## Given data
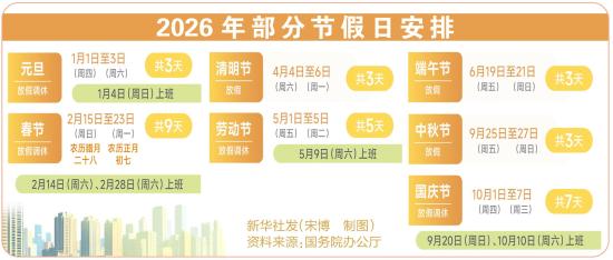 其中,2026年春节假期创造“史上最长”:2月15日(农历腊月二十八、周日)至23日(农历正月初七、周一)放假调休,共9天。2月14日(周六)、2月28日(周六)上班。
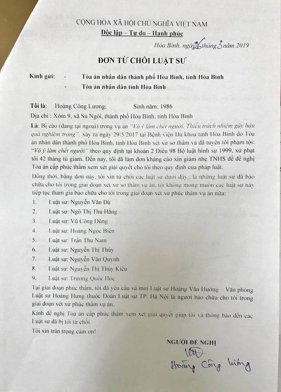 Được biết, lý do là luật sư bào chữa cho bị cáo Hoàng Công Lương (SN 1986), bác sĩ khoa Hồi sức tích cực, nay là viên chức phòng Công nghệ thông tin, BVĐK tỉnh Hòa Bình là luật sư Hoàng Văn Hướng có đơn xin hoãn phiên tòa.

==

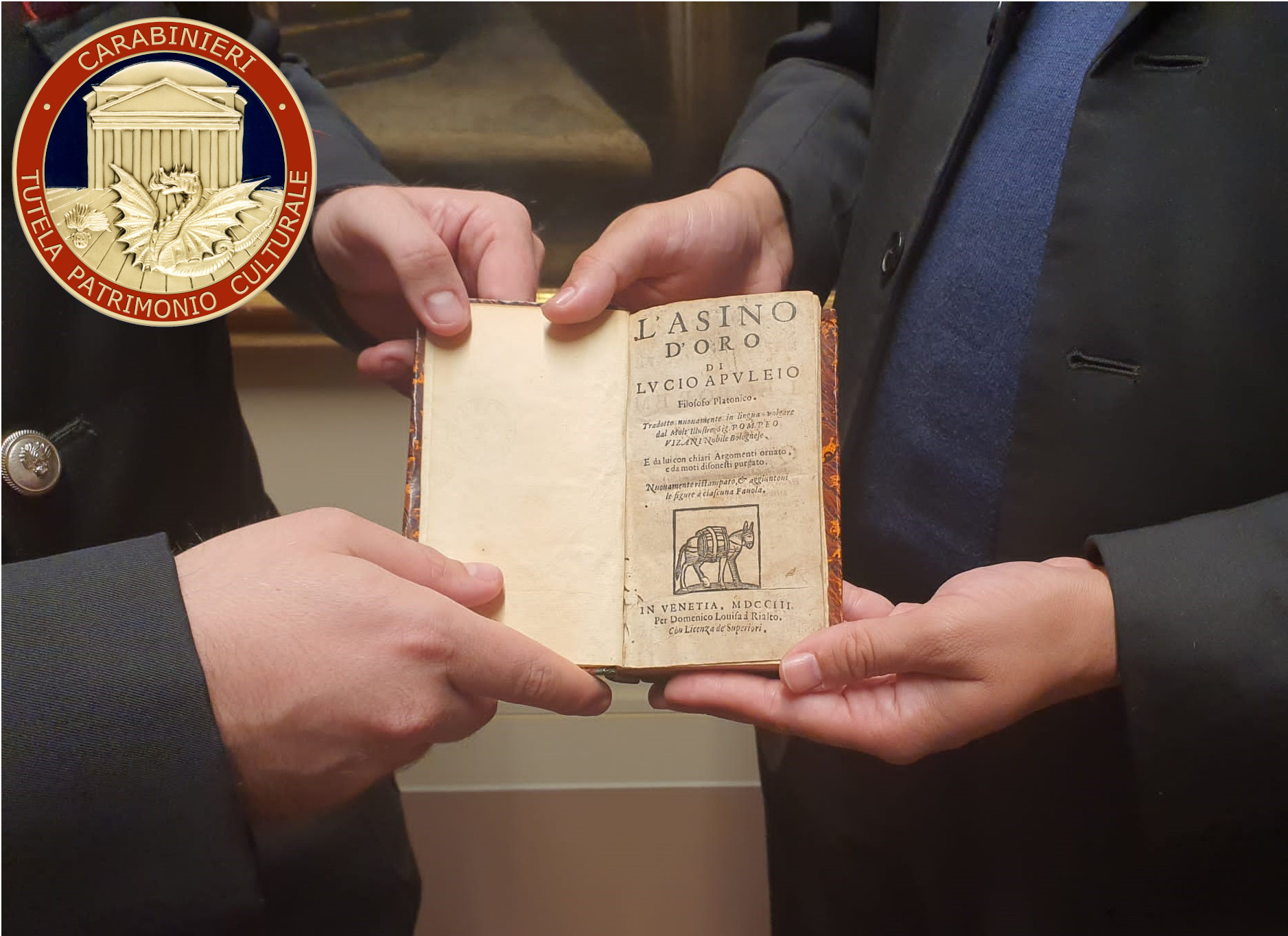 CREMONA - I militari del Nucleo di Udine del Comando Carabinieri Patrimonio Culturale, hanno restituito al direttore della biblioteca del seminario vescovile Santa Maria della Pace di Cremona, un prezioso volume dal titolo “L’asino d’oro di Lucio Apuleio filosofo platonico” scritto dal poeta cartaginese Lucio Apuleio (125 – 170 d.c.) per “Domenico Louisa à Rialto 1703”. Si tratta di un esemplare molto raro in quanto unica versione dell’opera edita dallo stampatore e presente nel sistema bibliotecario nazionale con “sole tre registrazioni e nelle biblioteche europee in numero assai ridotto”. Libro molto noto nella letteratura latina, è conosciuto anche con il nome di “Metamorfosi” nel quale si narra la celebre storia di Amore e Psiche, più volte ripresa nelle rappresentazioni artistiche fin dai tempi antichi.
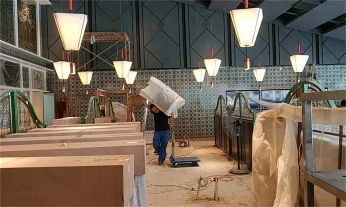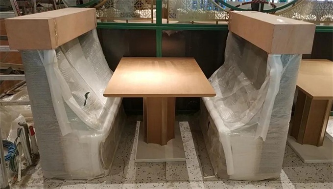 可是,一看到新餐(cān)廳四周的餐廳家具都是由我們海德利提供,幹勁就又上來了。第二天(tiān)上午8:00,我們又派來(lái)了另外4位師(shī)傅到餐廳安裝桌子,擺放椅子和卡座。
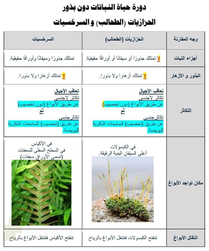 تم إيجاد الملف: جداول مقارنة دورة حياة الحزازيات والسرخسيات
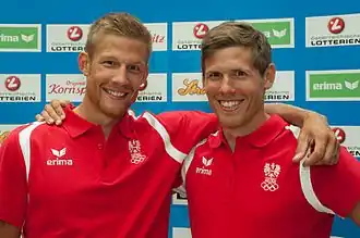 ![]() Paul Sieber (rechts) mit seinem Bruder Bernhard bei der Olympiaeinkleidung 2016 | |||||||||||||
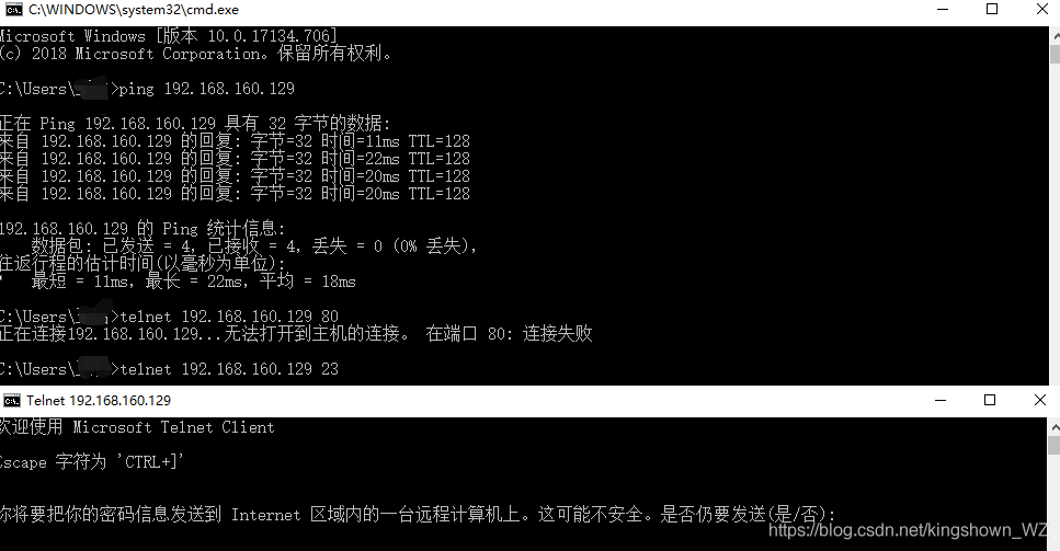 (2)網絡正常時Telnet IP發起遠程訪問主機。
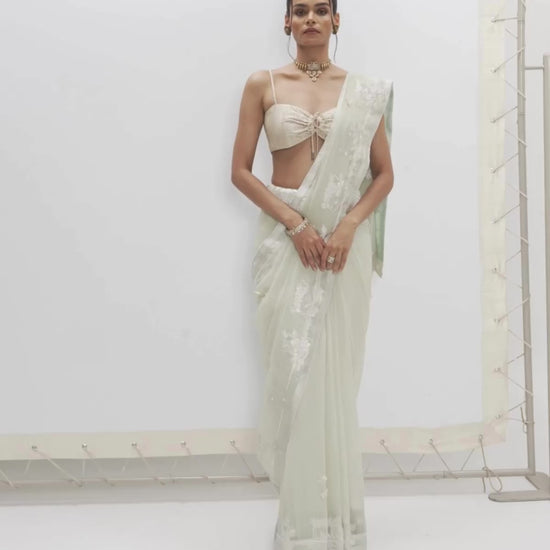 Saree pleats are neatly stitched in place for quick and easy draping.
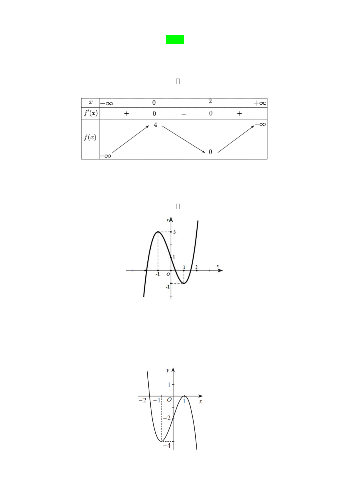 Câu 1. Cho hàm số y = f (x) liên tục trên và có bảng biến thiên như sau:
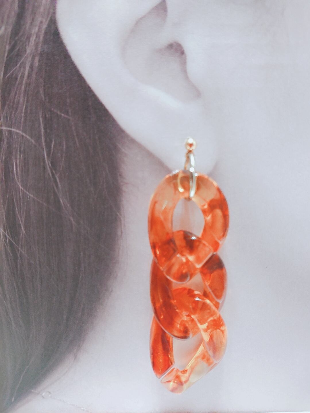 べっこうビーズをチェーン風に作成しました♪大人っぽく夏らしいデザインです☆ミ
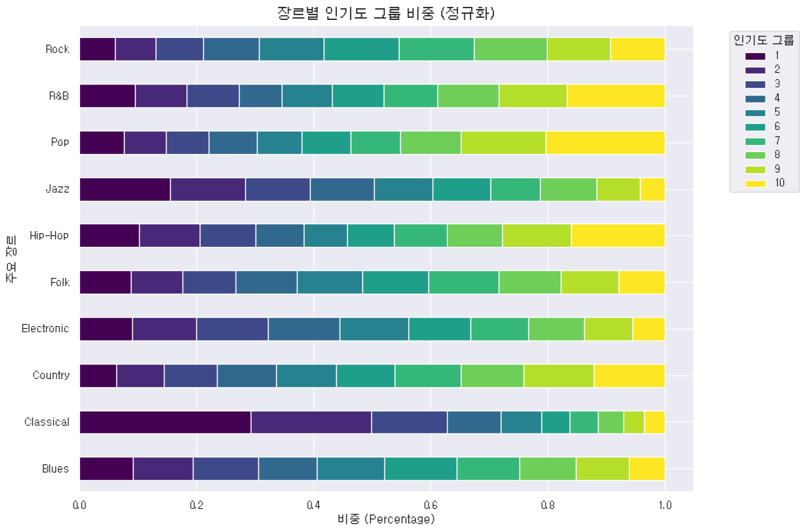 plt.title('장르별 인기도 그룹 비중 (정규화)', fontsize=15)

---

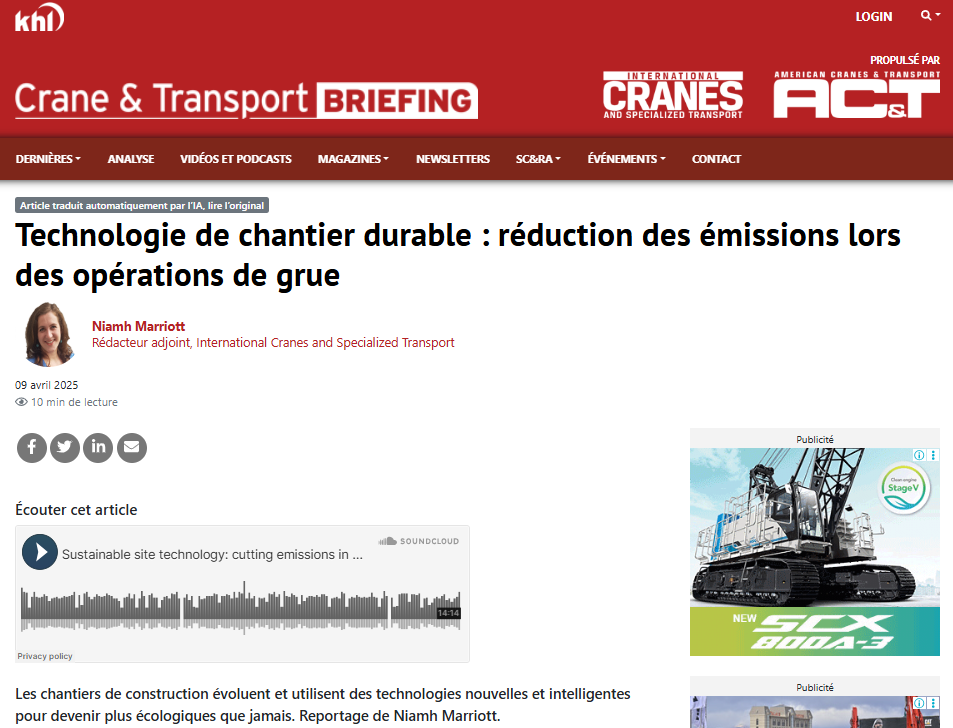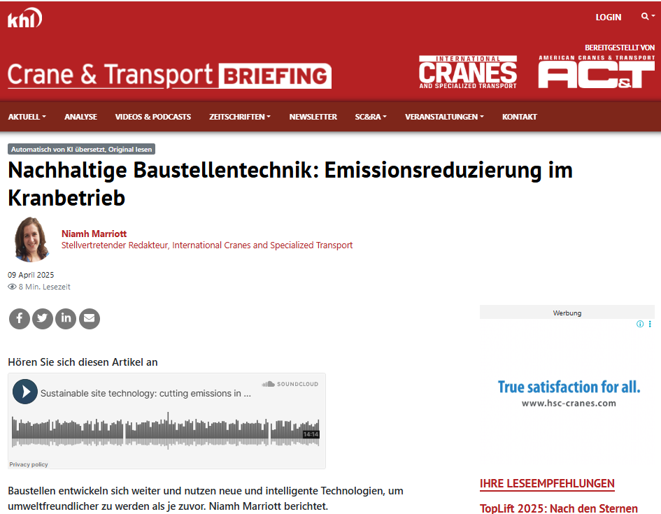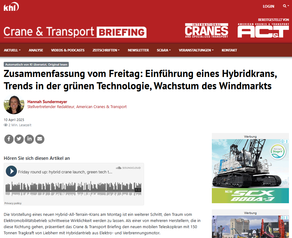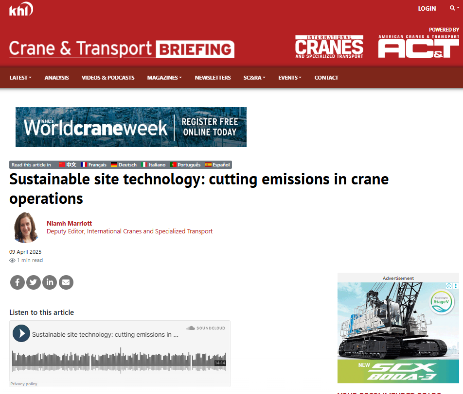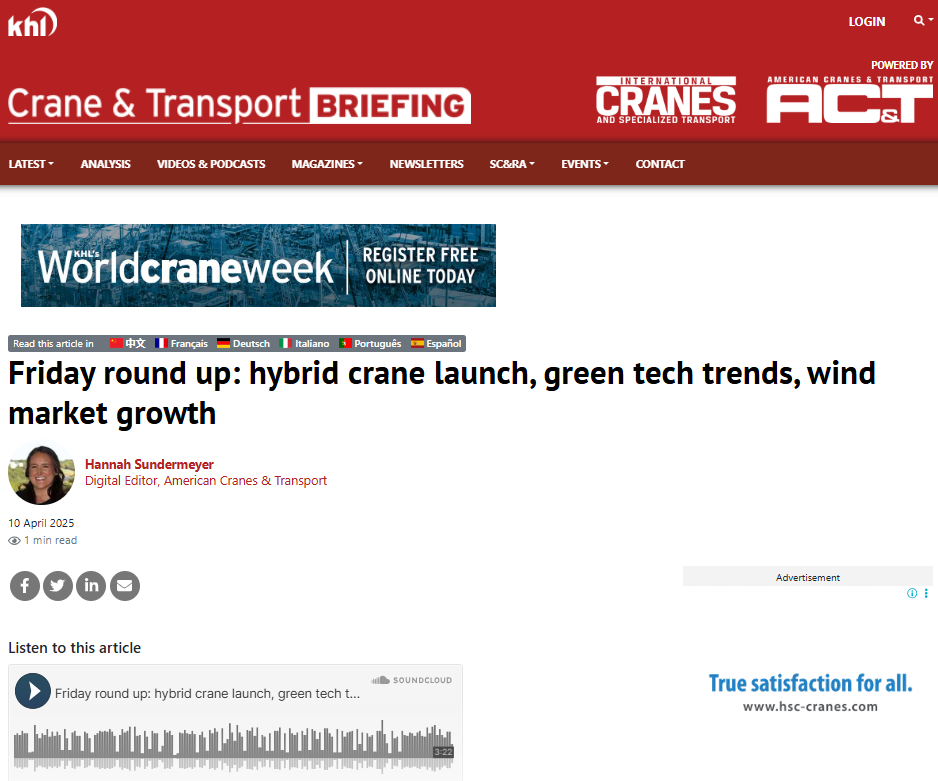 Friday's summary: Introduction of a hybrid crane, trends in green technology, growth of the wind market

## Required work
The material above holds pictures; leave them out. Repeat exactly the lines from the one containing "Saree pleats are" through the one containing "plt.title('장르별 인기도 그룹", and nothing else.

## Response to this exercise
 Saree pleats are neatly stitched in place for quick and easy draping.
 Câu 1. Cho hàm số y = f (x) liên tục trên và có bảng biến thiên như sau:
 べっこうビーズをチェーン風に作成しました♪大人っぽく夏らしいデザインです☆ミ
 plt.title('장르별 인기도 그룹 비중 (정규화)', fontsize=15)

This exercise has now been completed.